== INPUT ==

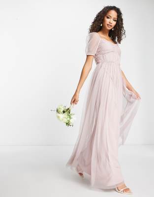 Anaya Bridesmaid puff sleeve maxi dress in muted blush-Pink
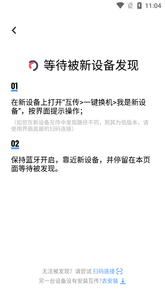 2、数据发送机选择“我是旧设备”--数据接收机选择“我是新手机”--选择手机品牌--等待识别完成或扫描界面二维码连接--同意
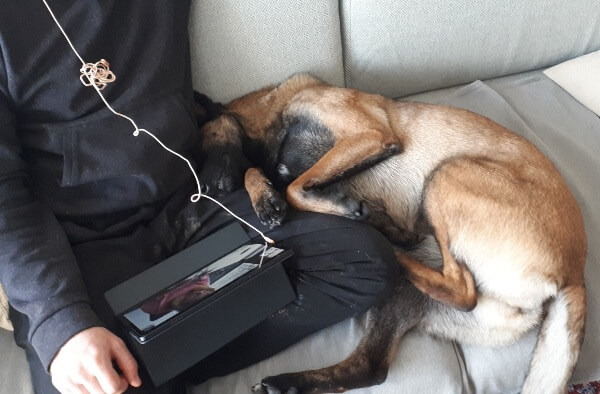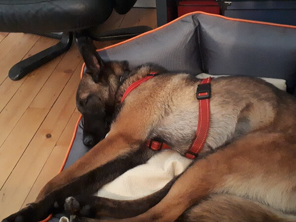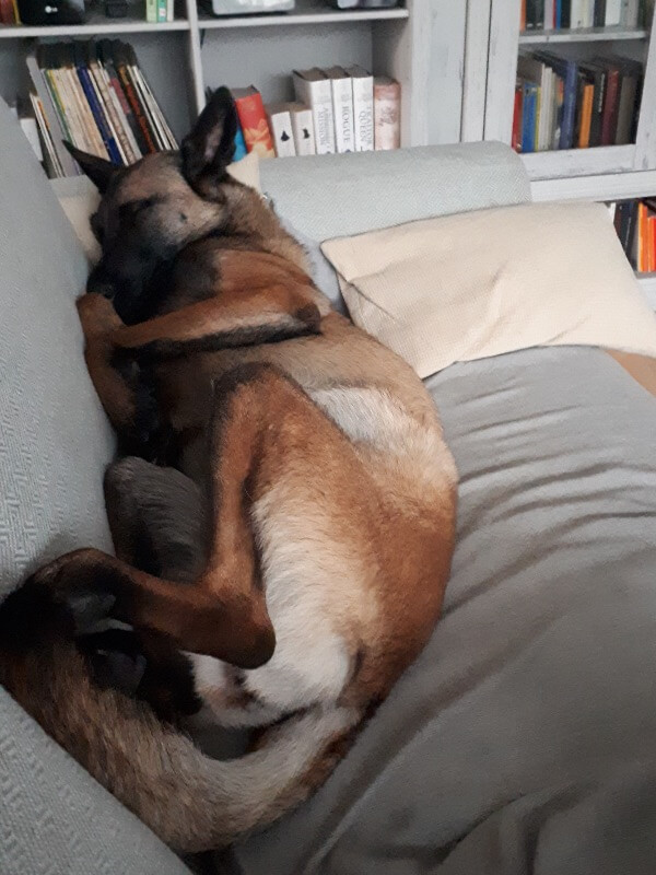 Als sie sich etwas bei uns eingelebt hatte (nach ca. 3 Wochen) besuchten wir bei der Hundeschule ProCane die Junghundegruppe mit ihr, wo Sies eheschnell viele Fortschritte gemacht hat. Dazwischen hatten wir einige Einzelstunden bei unseren Hundetrainerin genommen, um Unterstützung bei den oben genannten Schwierigkeiten zu holen. Raja und wir machten so schnell Fortschritte, dass wir nach 2 Monaten in die Alltags- und Begegnungsgruppe der Hundeschule wechseln konnten. Neben der Hundeschule begannen wir mit der Objektsuche (Suche von versteckten Feuerzeugen) und dann später mit Obedience und Mantrallincg. Rassentypisch ist Raja bei allen drei Hundesportarten sehr motiviert dabei und macht sehr schnell Fortschritte. Der Hundesport hat auch geholfen, Raja mehr Selbstvertrauen zu geben und Ihr Misstrauen gegenüber unbekannten Menschen abzubauen. Beim Obedience bereiten wir und jetzt auf Dienste Prüfung (Beginners) vor. Wenn wir nicht gerade Hundesport betreiben, gehen wir mit ihr längere Spaziergänge machen oder wandern. Wir haben auch Canicross ausprobiert, aber Freja hat hierbei bisher nicht so viel Motivation gezeigt. Wir mussten aber neben der Auslastung von Raja auch von Anfang an schauen, dass sie genug zur Ruhe kam, um sich genügend zu regenerieren und Stress abbauen zu können. Am besten kann sie entspannen, wenn sie neben uns auf dem Sofa liegt oder auf ihrem Bett, wenn wir im gleichen Zimmer sind und ruhig etwas erledigen. Sehr viel Stress bereitet ihr noch, wenn sie allein bleiben soll oder auch einer von uns beiden weggeht, wobei sie sehr gut allein im Auto bleiben kann. Das Alleinlassen ist sicher noch ein Punkt, den wir weiterhin trainieren müssen.
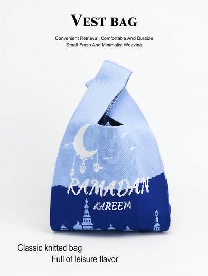 1个纯色镂空针织轻便可折叠休闲手提包腕包,适合女性/女孩日常、度假、上学、通勤,四季皆宜。
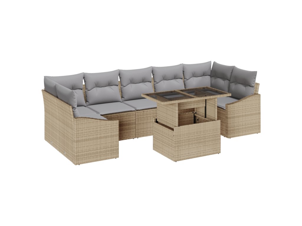 Tato 8dílná venkovní pohovková souprava je vyrobena z vysoce kvalitního syntetického ratanu a přichází s bohatými polštáři. Je to stylová součástka na jakékoliv setkání na tvém balkoně nebo zahradě. Elegantní béžová a šedá barva skvěle ladí s jakýmikoliv vnitřními nebo venkovními prostory.
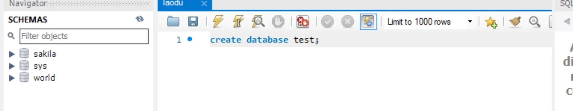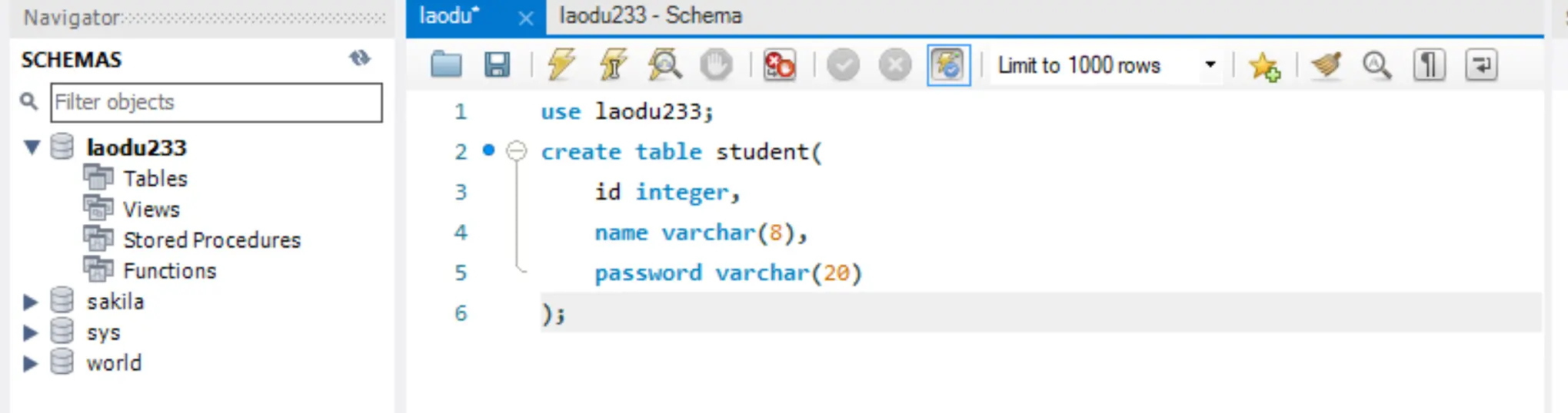 创建数据表要使用use指明要使用的数据库,(或者也可以在左侧数据库上面点击右键选择Set as Default Schema,选择默认的数据库,就不用use声明了)
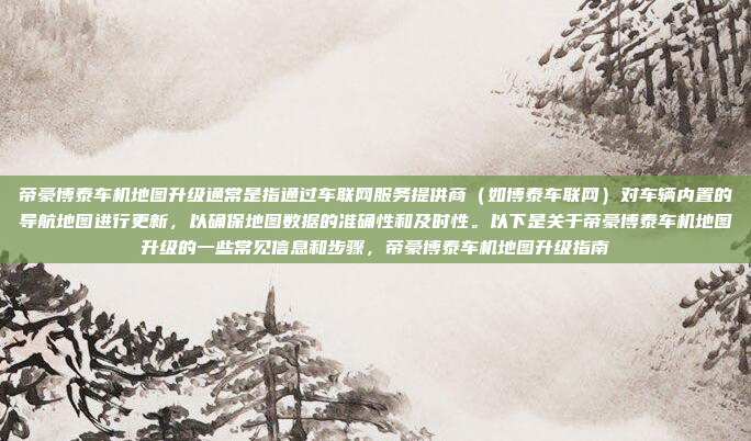 帝豪博泰车机地图升级是指通过车联网服务提供商(如博泰车联网)对车辆内置导航地图进行更新,以确保地图数据的准确性和及时性,升级通常通过车联网系统完成,用户需确保车辆处于良好的网络环境下,并按照提示操作,升级完成后,导航功能将更加精准,用户体验得到提升,需要注意的是,升级前应确保车辆电量充足,避免在行驶中进行操作,定期更新地图数据有助于保持导航的可靠性,建议用户关注官方通知,及时完成升级。
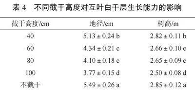如表4所示,截干高度对白千层的地径、树高有显著影响。不截干处理的植株表现最优,地径、树高分别为5.49 cm、2.85 m。截干高度为40 cm的处理次之,截干高度为100 cm的处理表现最差。这表明截干高度过高会限制萌芽点的发育空间,影响枝叶的生产能力。
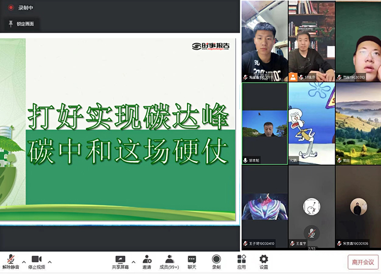邹本旭讲到实现碳达峰、碳中和是推动我国高质量发展的必然要求,并为同学们介绍了“双碳”发展坚实的基础,指出实现“双碳”发展的道路必将坚定不移。加强我国绿色低碳科技创新,持续壮大绿色低碳产业,将加快形成绿色经济新动能和可持续增长极,显著提升经济社会发展质量效益,为我国全面建设社会主义现代化强国提供强大动力。按既定目标实现碳达峰碳中和,是我们的雄心所在、使命所在、责任所在。坚定迎接这场大考,坚决打好这场硬仗,定能播惠于子孙后代、贡献于人类可持续发展,以生态文明之光照耀前行道路。
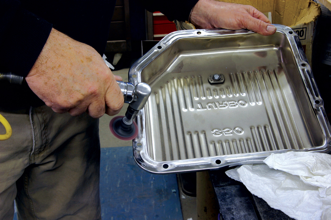 Here’s one more tech tip before we leave the “silicone valley.” Chrome is good, but it’s also very smooth. Before we install the new transmission pan, we scuff up the gasket surface with a 100-grit sanding disk on our 2-inch grinder. This will give the surface something for the silicone to adhere to.
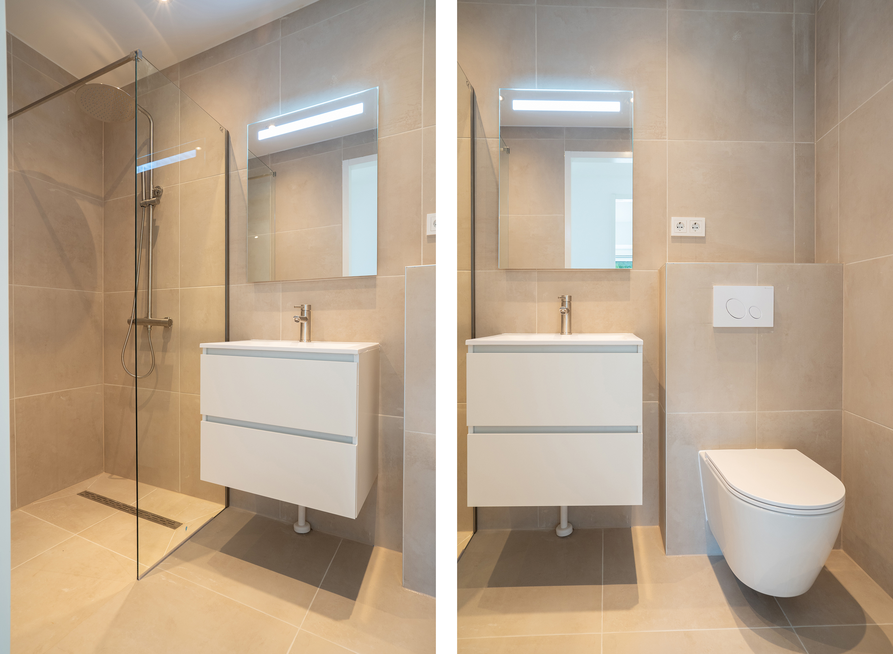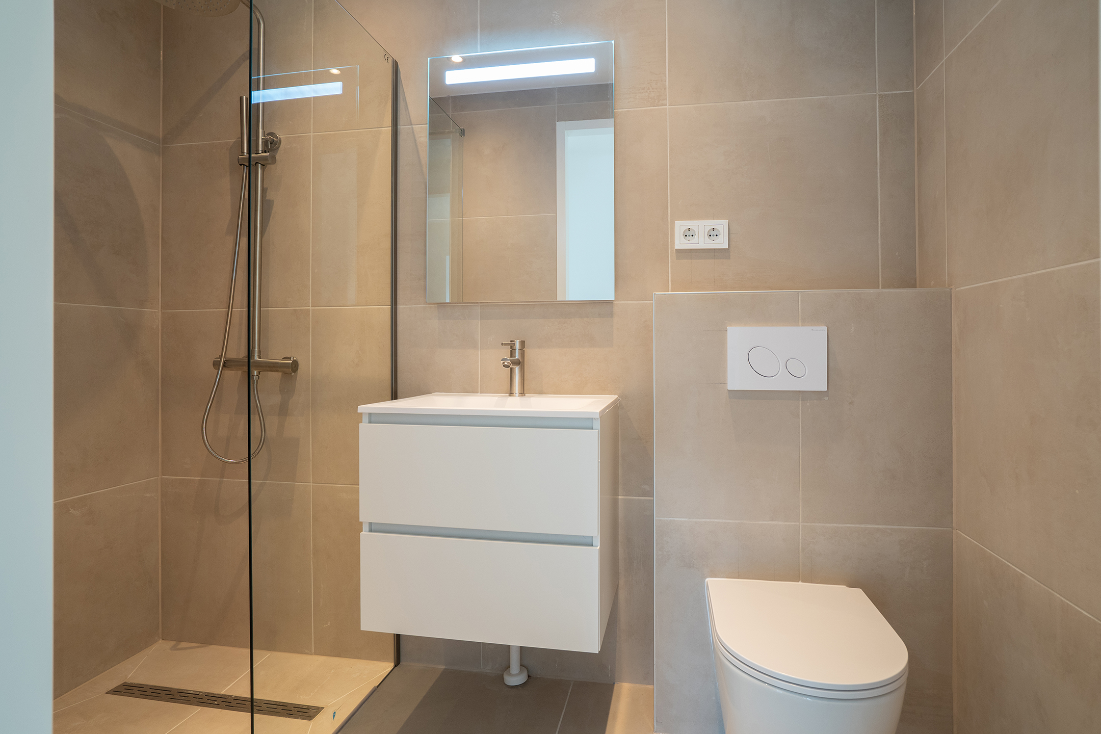 De badkamer is modern en stijlvol uitgevoerd en volledig betegeld. Hier vind je een wastafelmeubel met dubbele lades, een grote spiegel met geïntegreerde verlichting, een tweede toilet en een royale inloopdouche met zowel een handdouche als een comfortabele stortdouche. Een plek waar luxe en ontspanning samenkomen.
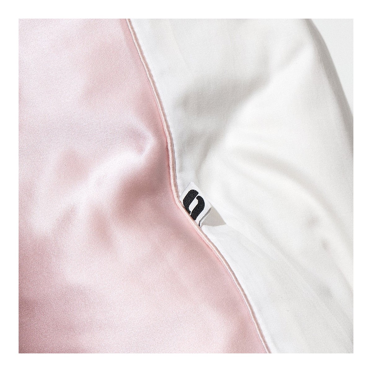 Finished in a soft Rose Quartz silk colourway - inspired by the romantic energy of the Rose Quartz crystal, a stone known for healing and unconditional love - and paired with white cotton underneath with a with a zip closure and stunning silk piped edging for the ultimate luxury.
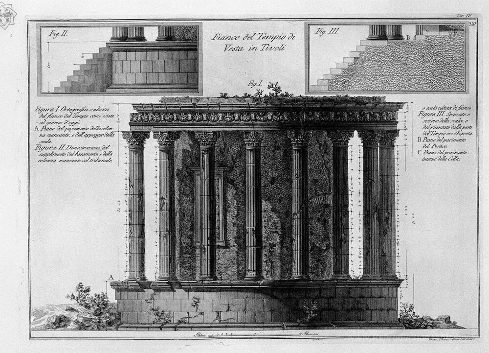 Nous vous proposons une reproduction artisanale sur toile du célèbre tableau 'Côté du temple de Vesta à Tivoli' de Giovanni Battista Piranesi, provenant du Musée de la Reproduction.
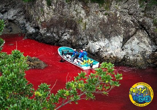 在这张摄于2003年的照片中,宽吻海豚遭到太地町当地渔民的残忍屠杀,周围海水也被血水染成红色,一些宽吻海豚尸体堆放在小船上。1979年4月,美国《国家地理》杂志刊登了日本壹岐岛宽吻海豚遭屠杀的照片,这是国际媒体首次报道日本渔民残忍猎杀海豚的做法。次年,美国哥伦比亚广播公司(CBS)播出了这次猎杀活动的录像,国际社会的批评最终使壹岐岛和其他一些渔村在20世纪80年代中期放弃了这种残忍的做法。然而,太地町渔民却从未放下他们手中的屠刀。
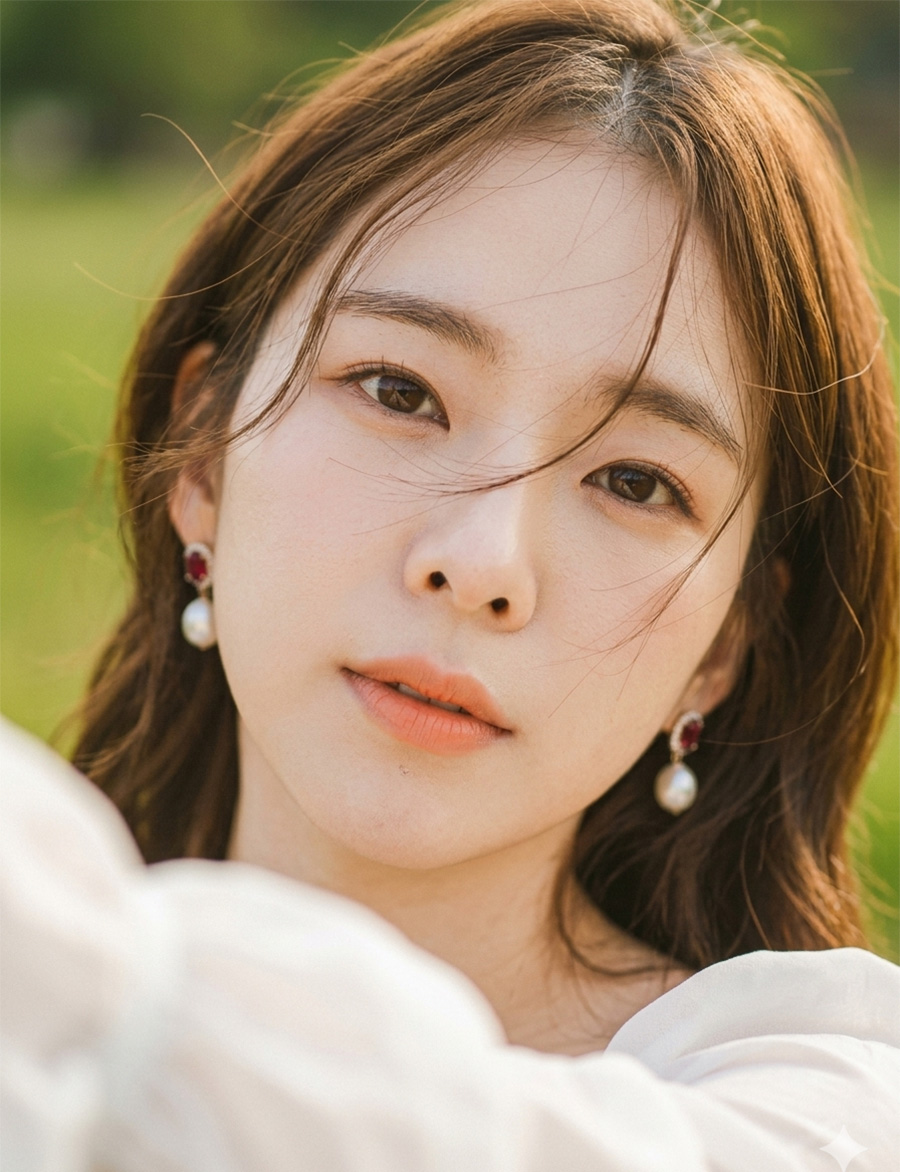 Her hair is loose, gently blown by the wind, creating natural motion. She wears elegant pearl earrings.
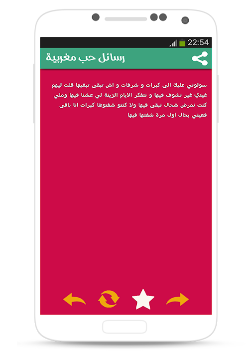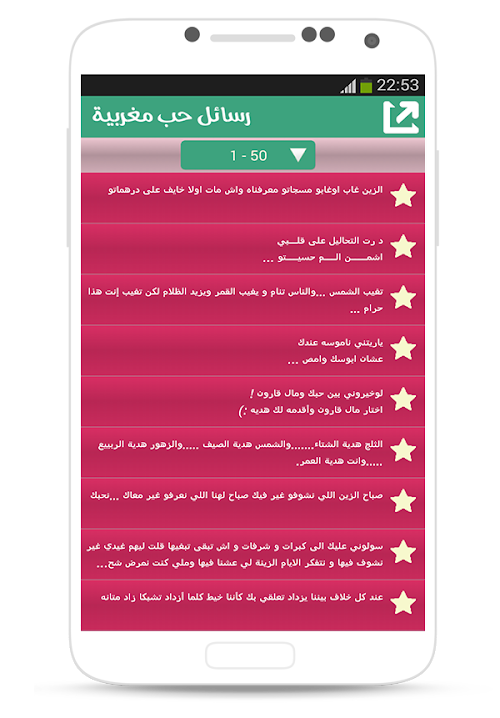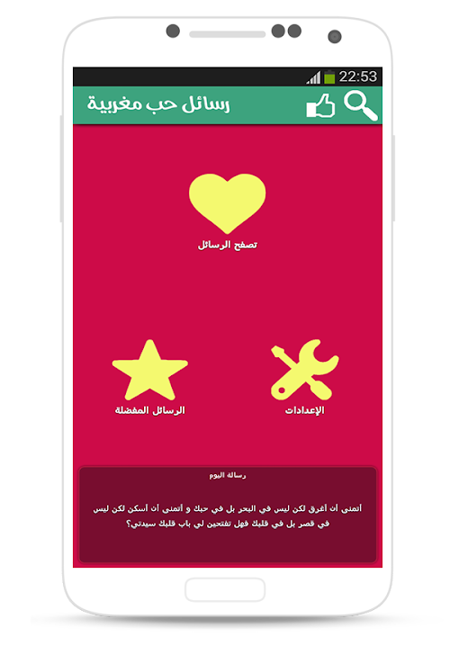 Thanks to the application of love Moroccan messages no longer need to write letters, just open the application and select a message that expresses your feelings and then send it to your lover or your sweetheart.

===

WHAT YOU HAVE TO DO →
Could you print all of the entries above exactly as written, minus the pictures?

RESULT FOR THIS EXERCISE →
 Anaya Bridesmaid puff sleeve maxi dress in muted blush-Pink
 2、数据发送机选择“我是旧设备”--数据接收机选择“我是新手机”--选择手机品牌--等待识别完成或扫描界面二维码连接--同意
 Als sie sich etwas bei uns eingelebt hatte (nach ca. 3 Wochen) besuchten wir bei der Hundeschule ProCane die Junghundegruppe mit ihr, wo Sies eheschnell viele Fortschritte gemacht hat. Dazwischen hatten wir einige Einzelstunden bei unseren Hundetrainerin genommen, um Unterstützung bei den oben genannten Schwierigkeiten zu holen. Raja und wir machten so schnell Fortschritte, dass wir nach 2 Monaten in die Alltags- und Begegnungsgruppe der Hundeschule wechseln konnten. Neben der Hundeschule begannen wir mit der Objektsuche (Suche von versteckten Feuerzeugen) und dann später mit Obedience und Mantrallincg. Rassentypisch ist Raja bei allen drei Hundesportarten sehr motiviert dabei und macht sehr schnell Fortschritte. Der Hundesport hat auch geholfen, Raja mehr Selbstvertrauen zu geben und Ihr Misstrauen gegenüber unbekannten Menschen abzubauen. Beim Obedience bereiten wir und jetzt auf Dienste Prüfung (Beginners) vor. Wenn wir nicht gerade Hundesport betreiben, gehen wir mit ihr längere Spaziergänge machen oder wandern. Wir haben auch Canicross ausprobiert, aber Freja hat hierbei bisher nicht so viel Motivation gezeigt. Wir mussten aber neben der Auslastung von Raja auch von Anfang an schauen, dass sie genug zur Ruhe kam, um sich genügend zu regenerieren und Stress abbauen zu können. Am besten kann sie entspannen, wenn sie neben uns auf dem Sofa liegt oder auf ihrem Bett, wenn wir im gleichen Zimmer sind und ruhig etwas erledigen. Sehr viel Stress bereitet ihr noch, wenn sie allein bleiben soll oder auch einer von uns beiden weggeht, wobei sie sehr gut allein im Auto bleiben kann. Das Alleinlassen ist sicher noch ein Punkt, den wir weiterhin trainieren müssen.
 1个纯色镂空针织轻便可折叠休闲手提包腕包,适合女性/女孩日常、度假、上学、通勤,四季皆宜。
 Tato 8dílná venkovní pohovková souprava je vyrobena z vysoce kvalitního syntetického ratanu a přichází s bohatými polštáři. Je to stylová součástka na jakékoliv setkání na tvém balkoně nebo zahradě. Elegantní béžová a šedá barva skvěle ladí s jakýmikoliv vnitřními nebo venkovními prostory.
 创建数据表要使用use指明要使用的数据库,(或者也可以在左侧数据库上面点击右键选择Set as Default Schema,选择默认的数据库,就不用use声明了)
 帝豪博泰车机地图升级是指通过车联网服务提供商(如博泰车联网)对车辆内置导航地图进行更新,以确保地图数据的准确性和及时性,升级通常通过车联网系统完成,用户需确保车辆处于良好的网络环境下,并按照提示操作,升级完成后,导航功能将更加精准,用户体验得到提升,需要注意的是,升级前应确保车辆电量充足,避免在行驶中进行操作,定期更新地图数据有助于保持导航的可靠性,建议用户关注官方通知,及时完成升级。
如表4所示,截干高度对白千层的地径、树高有显著影响。不截干处理的植株表现最优,地径、树高分别为5.49 cm、2.85 m。截干高度为40 cm的处理次之,截干高度为100 cm的处理表现最差。这表明截干高度过高会限制萌芽点的发育空间,影响枝叶的生产能力。
邹本旭讲到实现碳达峰、碳中和是推动我国高质量发展的必然要求,并为同学们介绍了“双碳”发展坚实的基础,指出实现“双碳”发展的道路必将坚定不移。加强我国绿色低碳科技创新,持续壮大绿色低碳产业,将加快形成绿色经济新动能和可持续增长极,显著提升经济社会发展质量效益,为我国全面建设社会主义现代化强国提供强大动力。按既定目标实现碳达峰碳中和,是我们的雄心所在、使命所在、责任所在。坚定迎接这场大考,坚决打好这场硬仗,定能播惠于子孙后代、贡献于人类可持续发展,以生态文明之光照耀前行道路。
 Here’s one more tech tip before we leave the “silicone valley.” Chrome is good, but it’s also very smooth. Before we install the new transmission pan, we scuff up the gasket surface with a 100-grit sanding disk on our 2-inch grinder. This will give the surface something for the silicone to adhere to.
 De badkamer is modern en stijlvol uitgevoerd en volledig betegeld. Hier vind je een wastafelmeubel met dubbele lades, een grote spiegel met geïntegreerde verlichting, een tweede toilet en een royale inloopdouche met zowel een handdouche als een comfortabele stortdouche. Een plek waar luxe en ontspanning samenkomen.
 Finished in a soft Rose Quartz silk colourway - inspired by the romantic energy of the Rose Quartz crystal, a stone known for healing and unconditional love - and paired with white cotton underneath with a with a zip closure and stunning silk piped edging for the ultimate luxury.
 Nous vous proposons une reproduction artisanale sur toile du célèbre tableau 'Côté du temple de Vesta à Tivoli' de Giovanni Battista Piranesi, provenant du Musée de la Reproduction.
 在这张摄于2003年的照片中,宽吻海豚遭到太地町当地渔民的残忍屠杀,周围海水也被血水染成红色,一些宽吻海豚尸体堆放在小船上。1979年4月,美国《国家地理》杂志刊登了日本壹岐岛宽吻海豚遭屠杀的照片,这是国际媒体首次报道日本渔民残忍猎杀海豚的做法。次年,美国哥伦比亚广播公司(CBS)播出了这次猎杀活动的录像,国际社会的批评最终使壹岐岛和其他一些渔村在20世纪80年代中期放弃了这种残忍的做法。然而,太地町渔民却从未放下他们手中的屠刀。
 Her hair is loose, gently blown by the wind, creating natural motion. She wears elegant pearl earrings.
 Thanks to the application of love Moroccan messages no longer need to write letters, just open the application and select a message that expresses your feelings and then send it to your lover or your sweetheart.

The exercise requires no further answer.